Karakterisasi Edible Coating dari Nanopartikel Pati Biji Durian dengan Minyak Atsiri Lemon untuk Memperpanjang Masa Simpan Buah Stroberi
Characterization of Edible Coating from Durian Seed Starch Nanoparticles with Lemon Essential Oil to Extend the Shelf Life of Strawberries
Abstract
Durian is a tropical fruit widely consumed in Indonesia, which generates waste in the form of peels and seeds. Durian seeds have potential to be utilized as a starch source, which can be processed into a base material for edible coatings.

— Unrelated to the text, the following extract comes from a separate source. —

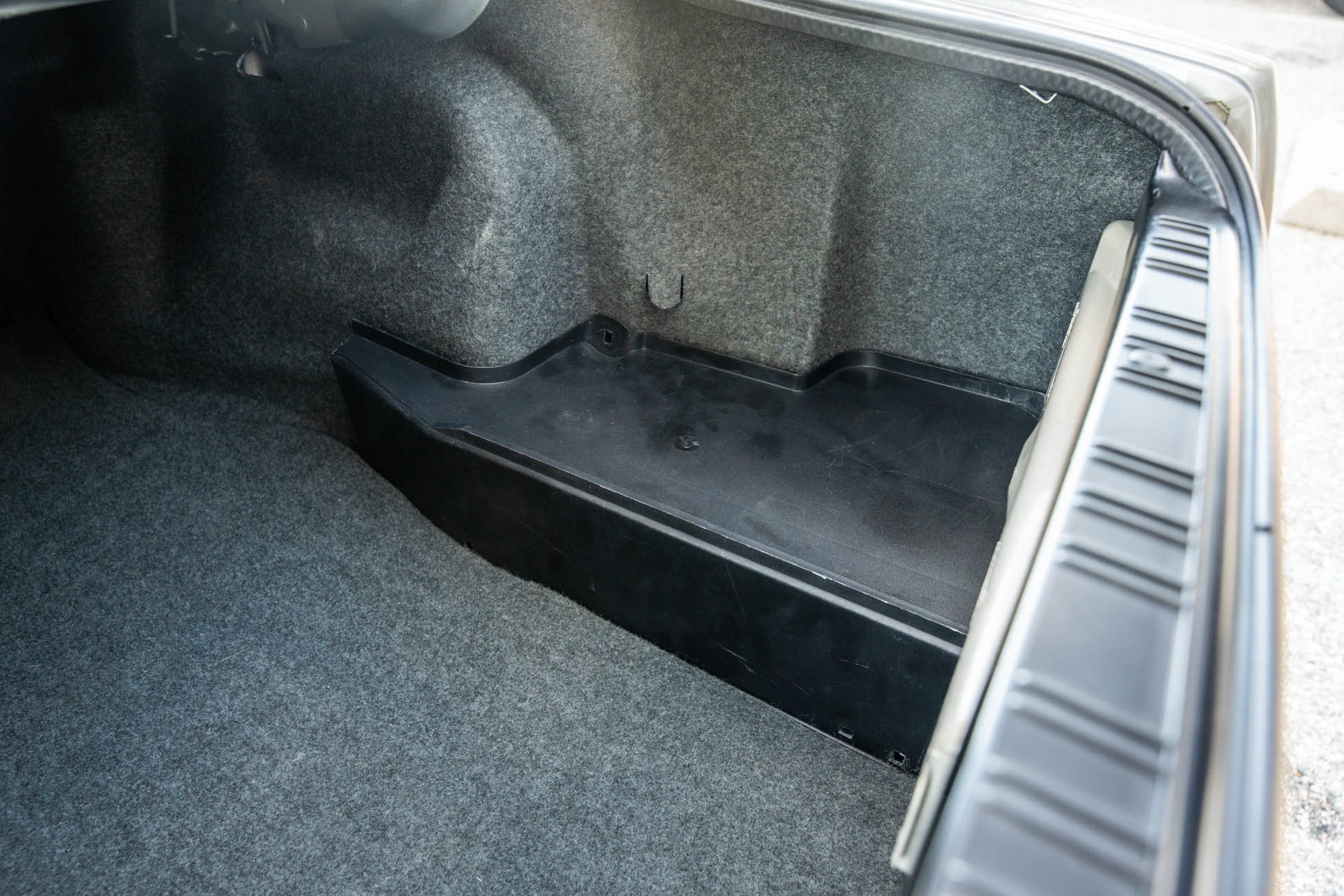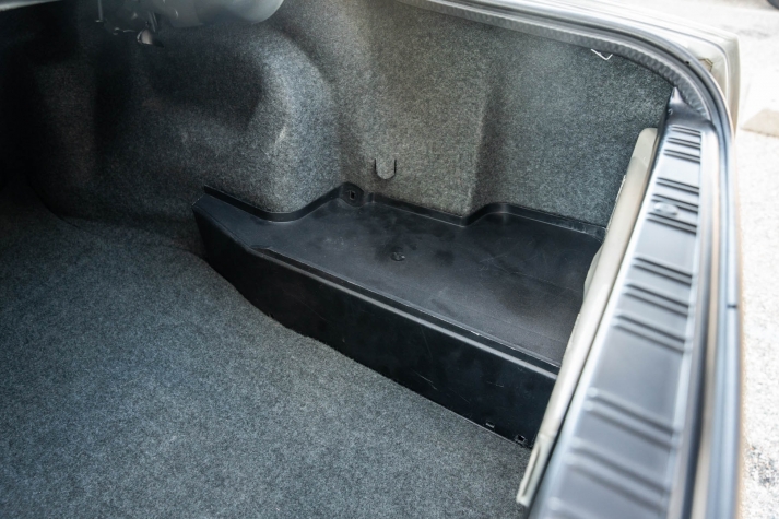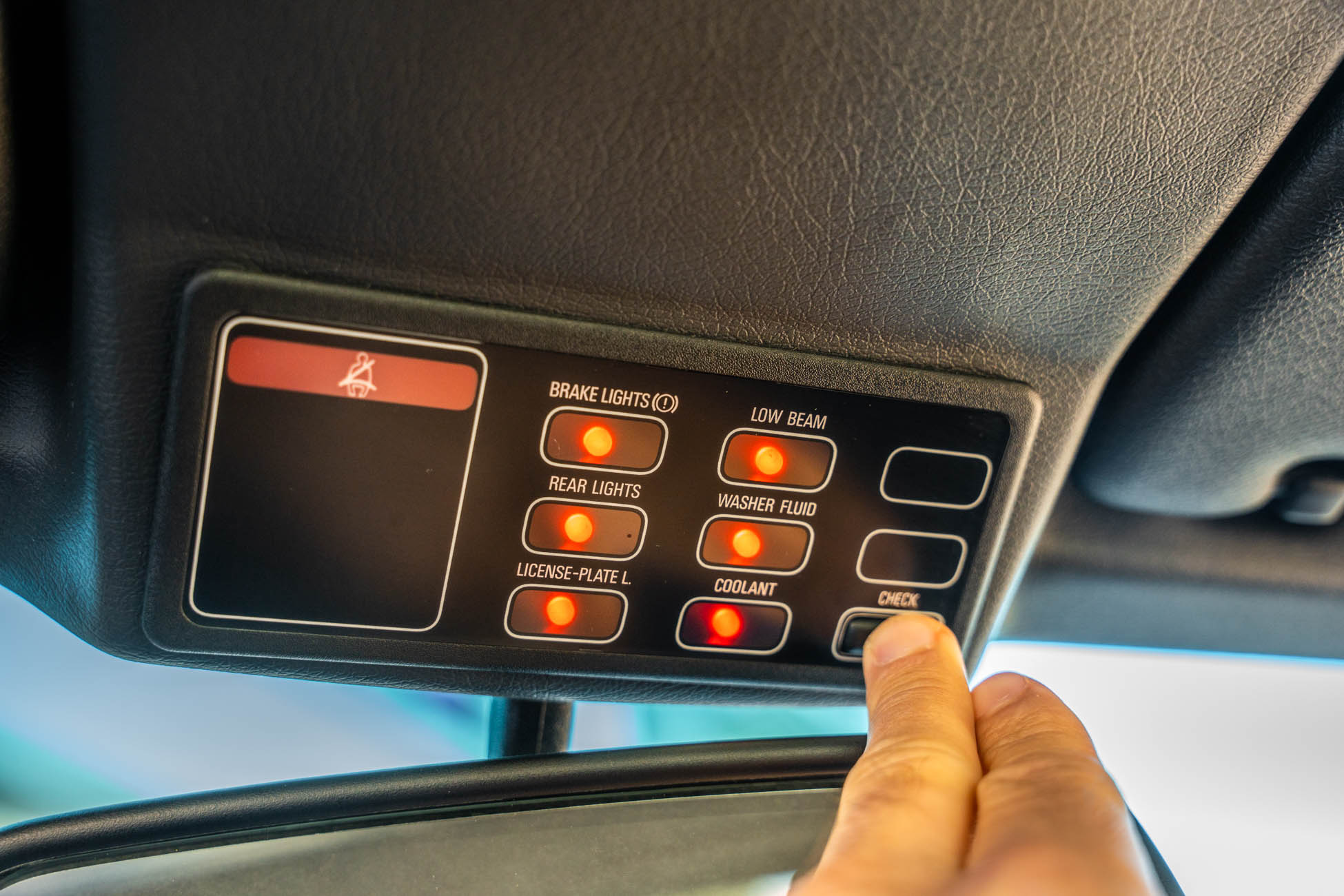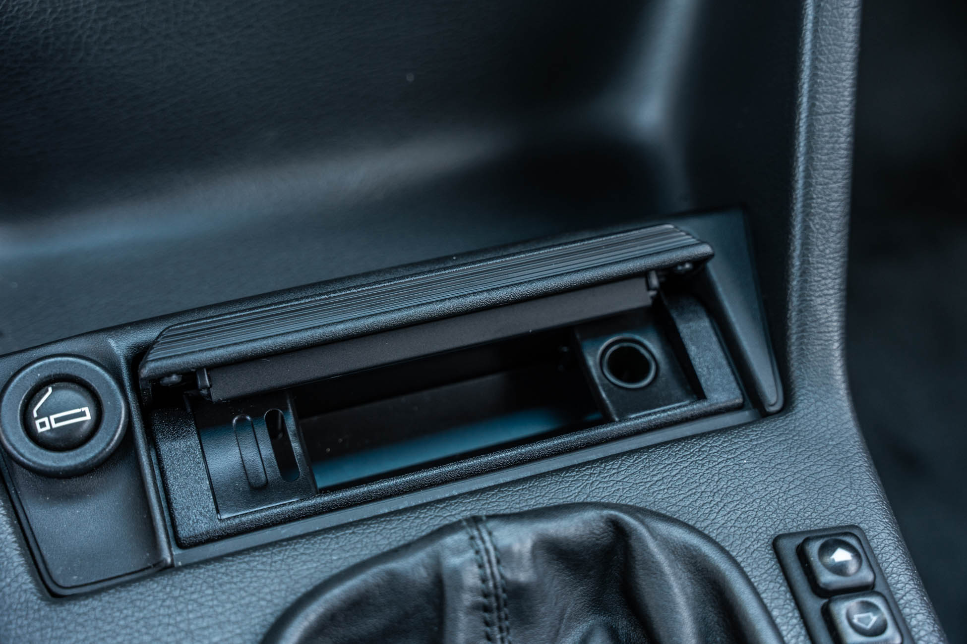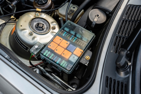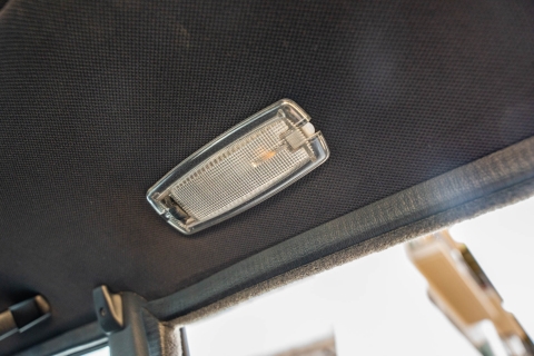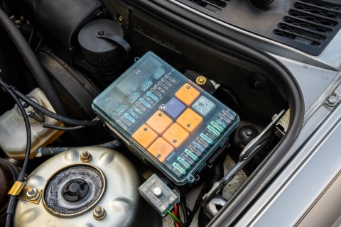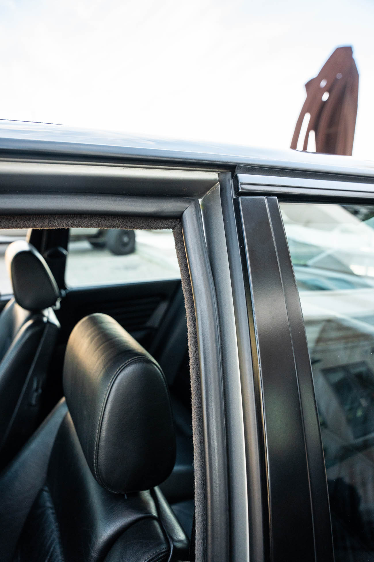 The cabin features manually adjustable front sport seats as well as a rear bench upholstered in black Bison leather. The front seat struts were replaced and the air conditioning system was converted to utilize R134a refrigerant in April 2021, while the final stage resistor was replaced in July 2024. Amenities include an onboard computer, an AM/FM/cassette stereo, cruise control, and power windows, mirrors, and locks.

Modification of starch into nanoparticles is known to enhance the effectiveness of edible coatings in delivering bioactive compounds. This study aimed to extend the shelf life of strawberries, which are known to spoil rapidly, through the application of an edible coating formulation based on durian seed starch nanoparticles with the addition of lemon essential oil, applied by dipping for 4 minutes. The nanoparticles obtained through acid hydrolysis and ball milling had an average hydrodynamic diameter of 183.14 nm. The best edible coating treatment was achieved with the addition of 8% (v/v) lemon essential oil, resulting in an inhibition zone against Aspergillus niger of 10.28 mm and a viscosity of 20.1051 cP. Effectiveness tests on strawberries showed that the 8% treatment also provided good microbial protection with a total plate count of 1.0 × 10² CFU/g and received high organoleptic scores from panelists. However, the 4% (v/v) treatment resulted in the lowest weight loss at 21.25%, and the 2% (v/v) treatment produced the lowest total soluble solids at 7.13 °Brix. These results indicate that edible coatings made from durian seed starch nanoparticles with lemon essential oil have the potential to effectively extend the shelf life of strawberries for up to 15 days under storage at approximately 18°C.